House prices fell by 0.2% between April and May as prices dipped by 0.5% on a quarterly basis, according to the latest house price index from the Halifax.
However, house prices in May were still up 2.6% on the same month in 2019.
Russell Galley, managing director, Halifax, said: “With the full impact of lockdown measures taking a firm grip on the UK property market by May, the average house price fell by 0.2% to £237,808.
“This is the third successive monthly fall, though more modest than in April, and reflects a continued loss of momentum following what was a strong start to the year.
‘Though it should still be noted that with a limited number of transactions available, calculating average house prices remains challenging and increased volatility is to be expected.
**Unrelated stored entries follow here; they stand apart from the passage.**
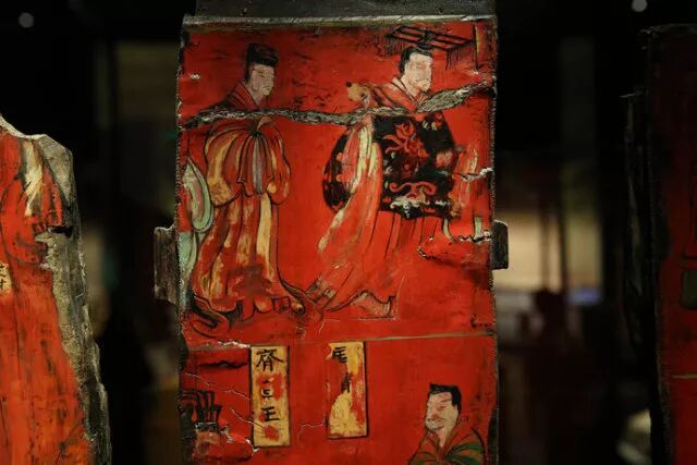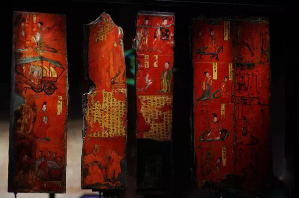 当考古队员在对石家寨村司马金龙墓进行发掘时,意外的发现了一组木制漆屏风。这是一组人物故事彩绘描漆屏风,每块木板高81.5厘米,宽20.5厘米,出土时共有5块。屏风上绘有多幅人物故事画,线条清晰,这一漆屏既是魏晋时期漆器珍品,又是北魏绘画史上不可多得的佳作。
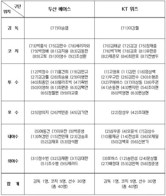 결국 두산은 투수 14명으로 데려가면서 아쉬운 선발진의 단점을 보완하는 쪽을 선택했다. 곽빈 외에 발라조빅, 최승용, 최원준 등 선발 투수로 뛸 수 있는 자원은 충분하지만, 아무래도 쿠에바스-벤자민이 나설 KT에 비해 무게감이 떨어지는 것이 사실이다. 이밖에 두산은 포수 3명, 내야수 8명, 외야수 5명 등 총 30명으로 엔트리를 꾸렸다.
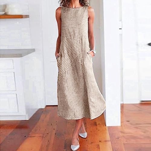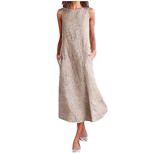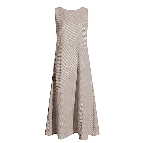 Kanpola dam linneklänning ärmlös rund hals swing tank-klänning...

“The mid-month relaxation of restrictions in England, allowing estate agents and conveyancers to restart operations, brought much-needed positive news with some advance indicators of buyer and seller interest quickly showing signs of improvement.
“This is likely to provide a short-term boost as buyers and homeowners attempt to kick-start transactions that had previously been put on hold.
“Looking ahead, we expect market activity to increase progressively as restrictions are eased further across the whole of the UK and we continue to have confidence in the underlying health of the housing market over the long-term.
“However, the extent of downward pressure on market confidence and prices over the coming months will depend on how quickly the economy is able to recover from the effects of the pandemic and the available government policy support for jobs and households.”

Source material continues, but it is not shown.